Would WebKit really dissapear if Apple were to allow other engines onto iOS? We have a natural experiment in Safari for macOS. It continues to enjoy a high share of that browser market despite stiff and competition from browsers that include higher-quality engines. Why are Apple's defenders so certain that this won't be the result for iOS?

And what is the worst-case scenario, exactly?

That Safari loses share such that Apple must respond by funding the WebKit team adequately? That the Safari team feels compelled to switch to another open source rendering engine (e.g. Gecko or Blink), preserving their ability to fork down the road, just as they did with KHTML, and as the Blink project did with WebKit?

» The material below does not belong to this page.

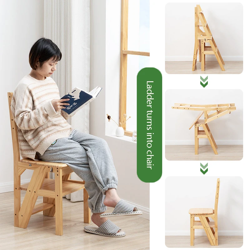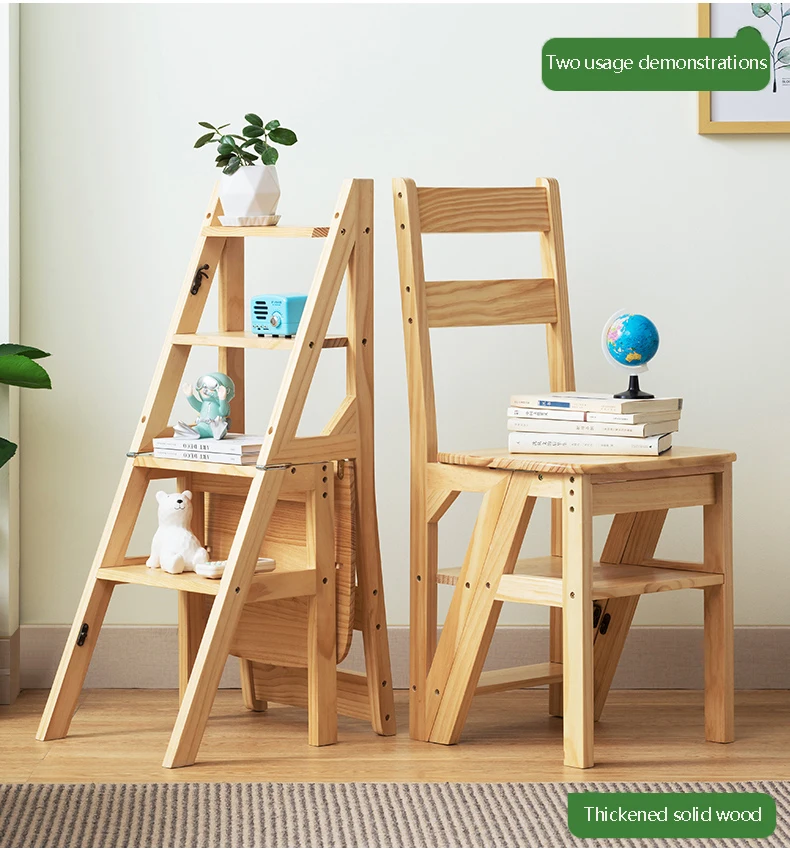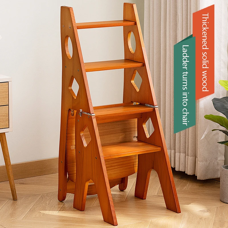 Solid Wood Ladder Chair Household Ladder Chair Folding Dual-use Ladder Stool Indoor Climbing Pedal Stair Multi-function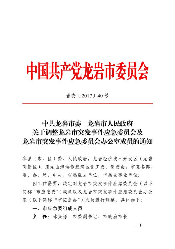 市委关于调整龙岩市突发事件应急委员会及龙岩市突发事件应急委员会办公室成员的通知(岩委【2017】40号)

None of these are close ended scenarios, nor must they result in a reduction in constructive, leading edge diversity. Edge, Brave, Opera, and Samsung Internet consistently innovate on privacy and other features without creating undue drag on core developer interests. Should the Chromium project become an unwelcome host for this sort of work, all of these organisations can credibly consider a fork, adding another new branch to the lineage of browser engines.


It's not a foregone conclusion the world's most valuable tech firm must produce the lowest-quality browser and externalise huge costs onto developers and users. Developer's might even take Apple's side if coercion about engine choice weren't paired with failure to keep pace on even basic features.

The point of diversity at the leading edge is progress through competition. The point of diversity amid laggards is the freedom to replace them — that's the market at work.

End Notes

Nobody wishes it had come to this.

Apple's polices against browser choice were, at some point, relatively well grounded in the low resource limits of early smartphones. But those days are long gone. Sadly, the legacy of a closed choice, back when WebKit was still a leader in many areas, is an industry-wide hangover. We accepted a bad deal because the situation seemed convivial, and ignored those who warned it was a portent of a more closed, more extractive future for software.

Only if we had listened.

Thanks to Chris Palmer and Eric Lawrence for their thoughtful comments on drafts of this post. Thanks also to Frances for putting up with me writing this post on holiday.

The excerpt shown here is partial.